** Opening GIVEN ENTRIES block **

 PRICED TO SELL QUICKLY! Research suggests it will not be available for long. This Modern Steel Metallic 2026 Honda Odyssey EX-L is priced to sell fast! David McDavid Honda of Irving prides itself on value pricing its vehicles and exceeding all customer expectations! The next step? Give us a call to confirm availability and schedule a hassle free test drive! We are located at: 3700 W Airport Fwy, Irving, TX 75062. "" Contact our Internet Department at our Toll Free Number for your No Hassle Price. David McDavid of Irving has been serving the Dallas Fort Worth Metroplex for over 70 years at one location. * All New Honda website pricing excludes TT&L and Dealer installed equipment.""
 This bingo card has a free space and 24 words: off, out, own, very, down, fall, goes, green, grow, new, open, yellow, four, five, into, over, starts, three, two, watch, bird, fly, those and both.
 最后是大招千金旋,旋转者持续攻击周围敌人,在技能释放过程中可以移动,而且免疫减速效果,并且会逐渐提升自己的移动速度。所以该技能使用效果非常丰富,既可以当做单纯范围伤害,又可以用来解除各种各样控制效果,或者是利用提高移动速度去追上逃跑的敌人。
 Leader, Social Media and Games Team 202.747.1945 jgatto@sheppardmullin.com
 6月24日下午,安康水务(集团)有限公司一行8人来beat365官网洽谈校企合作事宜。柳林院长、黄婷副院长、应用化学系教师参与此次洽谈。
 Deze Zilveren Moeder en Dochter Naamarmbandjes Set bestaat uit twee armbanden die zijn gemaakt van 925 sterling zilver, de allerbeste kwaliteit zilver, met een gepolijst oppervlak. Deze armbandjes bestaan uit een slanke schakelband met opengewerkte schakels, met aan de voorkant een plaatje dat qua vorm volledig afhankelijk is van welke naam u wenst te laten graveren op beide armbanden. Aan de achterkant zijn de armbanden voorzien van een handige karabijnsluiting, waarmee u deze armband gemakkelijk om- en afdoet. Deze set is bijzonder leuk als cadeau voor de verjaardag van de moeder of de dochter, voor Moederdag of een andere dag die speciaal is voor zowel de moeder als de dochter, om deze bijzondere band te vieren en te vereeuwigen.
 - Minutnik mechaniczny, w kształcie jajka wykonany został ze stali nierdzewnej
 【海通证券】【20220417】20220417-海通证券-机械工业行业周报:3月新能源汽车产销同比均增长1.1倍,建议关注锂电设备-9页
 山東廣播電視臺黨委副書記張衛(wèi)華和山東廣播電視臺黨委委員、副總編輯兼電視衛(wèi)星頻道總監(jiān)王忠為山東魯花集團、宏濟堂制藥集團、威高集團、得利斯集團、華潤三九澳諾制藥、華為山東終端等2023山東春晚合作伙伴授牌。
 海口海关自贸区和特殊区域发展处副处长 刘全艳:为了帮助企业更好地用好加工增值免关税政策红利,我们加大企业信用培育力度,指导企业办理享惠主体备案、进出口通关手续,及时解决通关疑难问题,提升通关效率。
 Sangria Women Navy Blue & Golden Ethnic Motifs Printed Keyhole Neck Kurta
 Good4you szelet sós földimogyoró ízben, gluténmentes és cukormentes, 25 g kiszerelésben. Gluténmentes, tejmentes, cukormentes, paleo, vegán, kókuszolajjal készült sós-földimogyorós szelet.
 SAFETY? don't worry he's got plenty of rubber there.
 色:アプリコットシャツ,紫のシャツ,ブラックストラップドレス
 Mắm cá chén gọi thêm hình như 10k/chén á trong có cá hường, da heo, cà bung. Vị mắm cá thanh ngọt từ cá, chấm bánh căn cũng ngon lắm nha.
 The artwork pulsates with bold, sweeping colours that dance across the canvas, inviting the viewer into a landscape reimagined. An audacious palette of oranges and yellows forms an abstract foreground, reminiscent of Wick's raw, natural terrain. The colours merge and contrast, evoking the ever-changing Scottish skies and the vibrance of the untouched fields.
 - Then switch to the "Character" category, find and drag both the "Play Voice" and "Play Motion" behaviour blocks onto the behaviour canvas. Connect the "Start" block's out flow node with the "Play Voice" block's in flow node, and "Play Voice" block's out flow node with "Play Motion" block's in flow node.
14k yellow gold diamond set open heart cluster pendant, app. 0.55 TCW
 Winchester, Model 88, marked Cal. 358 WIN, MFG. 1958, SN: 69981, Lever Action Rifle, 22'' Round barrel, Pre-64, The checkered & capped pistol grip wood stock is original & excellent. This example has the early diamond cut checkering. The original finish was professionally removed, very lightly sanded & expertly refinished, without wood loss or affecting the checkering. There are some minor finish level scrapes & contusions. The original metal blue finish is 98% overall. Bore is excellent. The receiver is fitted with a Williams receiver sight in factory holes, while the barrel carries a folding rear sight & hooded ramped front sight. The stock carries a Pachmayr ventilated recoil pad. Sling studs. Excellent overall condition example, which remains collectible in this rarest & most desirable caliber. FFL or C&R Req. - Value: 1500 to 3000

** Closing GIVEN ENTRIES block **

> WORK ITEM:
All that belongs in the answer is the run of lines above from the line containing "- Minutnik mechaniczny, w" through the line containing "色:アプリコットシャツ,紫のシャツ,ブラックストラップドレス", exactly as written.

> PROBLEM SOLUTION:
 - Minutnik mechaniczny, w kształcie jajka wykonany został ze stali nierdzewnej
 【海通证券】【20220417】20220417-海通证券-机械工业行业周报:3月新能源汽车产销同比均增长1.1倍,建议关注锂电设备-9页
 山東廣播電視臺黨委副書記張衛(wèi)華和山東廣播電視臺黨委委員、副總編輯兼電視衛(wèi)星頻道總監(jiān)王忠為山東魯花集團、宏濟堂制藥集團、威高集團、得利斯集團、華潤三九澳諾制藥、華為山東終端等2023山東春晚合作伙伴授牌。
 海口海关自贸区和特殊区域发展处副处长 刘全艳:为了帮助企业更好地用好加工增值免关税政策红利,我们加大企业信用培育力度,指导企业办理享惠主体备案、进出口通关手续,及时解决通关疑难问题,提升通关效率。
 Sangria Women Navy Blue & Golden Ethnic Motifs Printed Keyhole Neck Kurta
 Good4you szelet sós földimogyoró ízben, gluténmentes és cukormentes, 25 g kiszerelésben. Gluténmentes, tejmentes, cukormentes, paleo, vegán, kókuszolajjal készült sós-földimogyorós szelet.
 SAFETY? don't worry he's got plenty of rubber there.
 色:アプリコットシャツ,紫のシャツ,ブラックストラップドレス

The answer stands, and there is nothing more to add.